赵至诚望着娘娘峰峰顶上树冠如云的白桦树,放缓了心绪:“多谢大师关怀,待此次将公主接回皇宫,我便向皇上请旨赐婚。”
傍晚,赵至诚去娘娘峰祭堂祭拜父母,上香跪拜后,便走出了祭堂。
路过长明殿,带着凉意的夏风扑面而来,这风吹的倒是时候,送来了一丝清凉,也吹散了一缕苦闷。
行至许愿池,耳边传来清亮的声音,他正疑惑何人会在这个时间点许愿,就被环形许愿池中那衣着男服,身形却酷似女娇娥的小儿郎吸引了过去。
那小儿郎一板一正地跪在不周娘娘雕像前,双手合十,样子极为虔诚。
赵至诚心中不由一动,抬手打了个手势,让身后人慢步轻声向前。
却听那声线婉约,如莺舌百啭:
“一愿,祈国皇帝上朝时突遇刺客后重伤不起,”
赵至诚正要点头,皇帝那小子确实欠收拾。
转而又听那小儿:“不行不行,不周娘娘,我虽然不想害人,但是若是这祈国皇帝重伤不起后还是想接我进宫,那我要伤心而亡了。所以不周娘娘还是让祈国皇帝一命呜呼吧,我比他年轻,比他漂亮,不周娘娘您还是可怜可怜我吧。”

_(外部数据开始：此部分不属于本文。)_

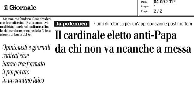 "Fleuves de rhétorique pour une appropriation post-mortem. Martini élu anti-Pape par ceux qui ne vont pas à la messe... Opinionistes et journaux de la gauche caviar ont transformé le cardinal en un petit saint laïc".

赵至诚嘴角一抽,虽然皇帝那小子总是和他摆谱,可也没想过要这小子的命,这小公子可真是,用最柔和的嗓音说着最狠的话。
那小儿郎又“铿锵”道:
“二愿祈国大将军赵至诚近日突发重病,最好不治而亡,这样他就进不了燕莎城,我也不用去大祈国了。”